Through all of these scenarios, a pattern I see arises, managed services vs platforms for bring-your-own solutions. Tools like EKS, RDS, EC2, among others, are fairly lightly coupled into the AWS ecosystem. Say you are moving your postgres database from on-prem to AWS. Well, RDS handles running those databases fairly closely but you don't have to manage much of the underlying database itself. That said, it is still a continuous 24/7 running service that needs to exist somewhere. This is even further apparent with a service like EC2 where you're running VMs and putting applications onto likely either Linux or Windows systems. With all of these, due to the fact that there is a light coupling to AWS and their offerings, and due to that 24/7 uptime, the costs are fairly high.

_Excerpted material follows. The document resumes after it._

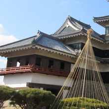 松本城天守閣でも、異才を放つのがこの江戸時代に増築された月見櫓でしょう。大天守見学を終えて一階に降りて順路にそって進むと、この月見櫓に至ります。赤い欄干を3方向にめぐらしていて、とても開放的な造りになっていました。座布団を敷いて月見をする、雅な江戸時代の情景を思い浮かべることが出来ました。

Take a t4g.nano VM, it will cost you approximately $4.00 a month if you leave it on 24/7. There are ways you could reduce that to say only run it during working hours, or shut it off during the weekend, but dependent on the services running on that box, you may never want to shut it off. RDS with the cheapest box to run a postgres instance ends up around $11.50 a month. If you're a buisness bringing in revenue, these numbers don't look too large, but for a hobbyist developer wanting to run services, you may not have wiggle room in your monthly budget to fit in those prices. And this is where the other side of the spectrum comes in: AWS managed services.

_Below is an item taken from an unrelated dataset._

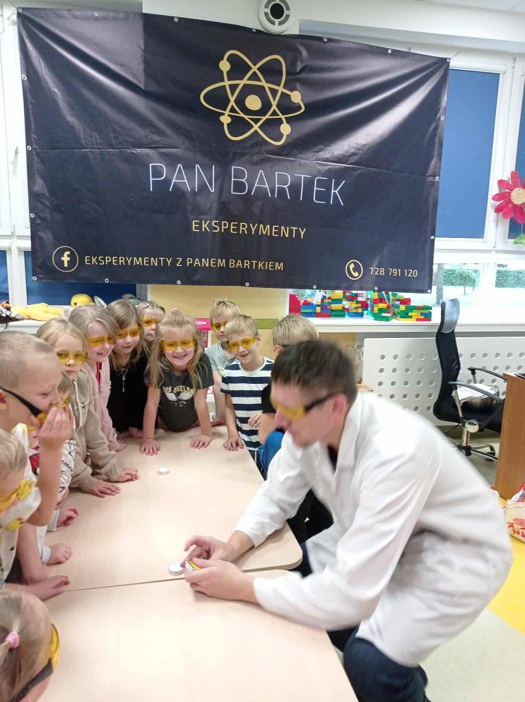 Eksperymenty z Panem Bartkiem odbywają się u nas cyklicznie od kilku lat, a prowadzący za każdym razem zaskakuje nas nowymi doświadczeniami. Tym razem podczas spotkania dzieci poznawały właściwości powietrza.

AWS is known for their offerings and push of event-driven architectures. When an image is saved to a S3 bucket, you could trigger a lambda function to do some analysis on the image, create thumbnails or optimized copies of the image for different devices, among dozens of other things I could implement. It is a paradigm shift of rather than focusing on where my code is deployed to and make sure those systems are reliable, I can just focus on the code itself, and even more, the logic for generating applications. No more am I running services 24/7 or managing VMs. The term serverless comes into play here where a developers focus is no longer on the servers, but the logic of what is going to run (on servers that you don't need to worry about).

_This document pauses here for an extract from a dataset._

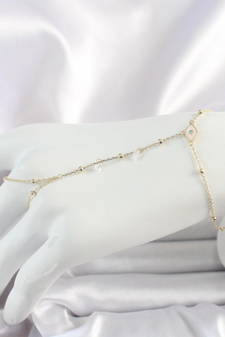 Göz figürünün nazardan koruduğuna inanılırken, göz alıcı mavi taşlar bu şık aksesuarı enerjik ve özgün bir hale getiriyor. Topçuk detayları modern bir dokunuş sağlarken, ayarlanabilir zinciri sayesinde bileğinize tam uyum sunar.

With all of this, pricing scales from billing by the hour all the way down to the millisecond. Lambda has been a big push for this as of the past few years it went from charging per 100ms down to 1ms. And with that the aggregated cost at the end of the month is much lower than traditional VMs. If you have lower traffic one day, you aren't billed for idling servers. As well going the opposite way of scaling, horizontal scaling on managed services like Lambda or DynamoDB are much more cost effective. This isn't to discount that services like EC2 have autoscaling capabilites as well, but now you may have to account for that in your applications where in an event-based architecture, it is a much less of a concern. As well with databases, the old way of handling load was horizontal and vertical scaling, or deploying more instances of a database and giving it more CPU & memory. A service like Dynamo on the other hand based on the sharding of data by primary key switches the paradigm again where you will be billed based on reads and writes rather than CPU or memory usage.
So out of all of this, the deeper you get ingrained with AWS and their own services rather than a Bring-your-own-X system, the pricing does tend to become more approachable. For many of my personal projects where I am running lambda functions on a schedule, saving to a database, and then doing analysis or aggregating that data into a website, the costs at my scale are barely pennies. I could spin up a $4.00 EC2 VM and likely write similar capabilites, but the time of me managing linux VMs isn't a priority anymore compared to what I want to do of building applications. And because my goals for many of these projects aren't to make money and I'm not getting any revenue from them, the reduced prices gives me the scalability and reliability of AWS without a giant bill on my doorstep at the end of the day.